[Supplied material]

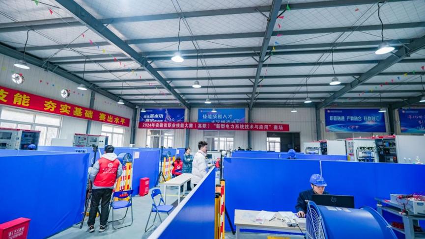1月11日至12日,由安徽省教育厅、安徽省工业和信息化厅、安徽省人力资源和社会保障厅以及安徽省残疾人联合会主办,安徽机电职业技术学院承办的2024年“中银杯”安徽省职业院校技能大赛(高职组)“智能电梯装配调试与检验”和“新型电力系统技术与应用”两个赛项在学校电气工程学院举行。来自全省20所院校的31支代表队共81名参赛选手同台竞技、展示风采。
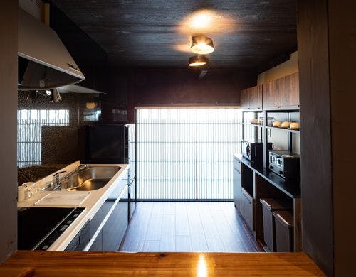 京都駅から一駅にある東寺駅。当施設は世界遺産真言宗総本山東寺のふもとに位置しています。「右近」「左近」と名付けた2つの部屋がありますので、人数やお好みでお選びください。
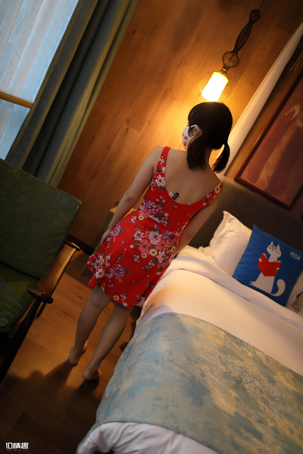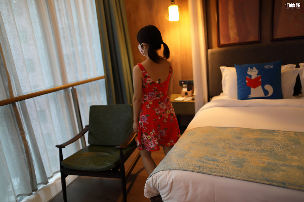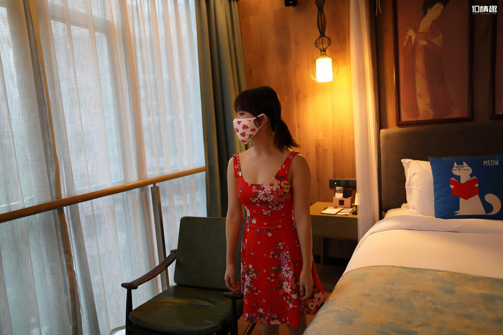 ROSI口罩系列NO.814_红色连衣裙美女酒店床上撩人诱惑写真

[/Supplied material]

Retype everything in the material word for word, minus pictures.

1月11日至12日,由安徽省教育厅、安徽省工业和信息化厅、安徽省人力资源和社会保障厅以及安徽省残疾人联合会主办,安徽机电职业技术学院承办的2024年“中银杯”安徽省职业院校技能大赛(高职组)“智能电梯装配调试与检验”和“新型电力系统技术与应用”两个赛项在学校电气工程学院举行。来自全省20所院校的31支代表队共81名参赛选手同台竞技、展示风采。
 京都駅から一駅にある東寺駅。当施設は世界遺産真言宗総本山東寺のふもとに位置しています。「右近」「左近」と名付けた2つの部屋がありますので、人数やお好みでお選びください。
 ROSI口罩系列NO.814_红色连衣裙美女酒店床上撩人诱惑写真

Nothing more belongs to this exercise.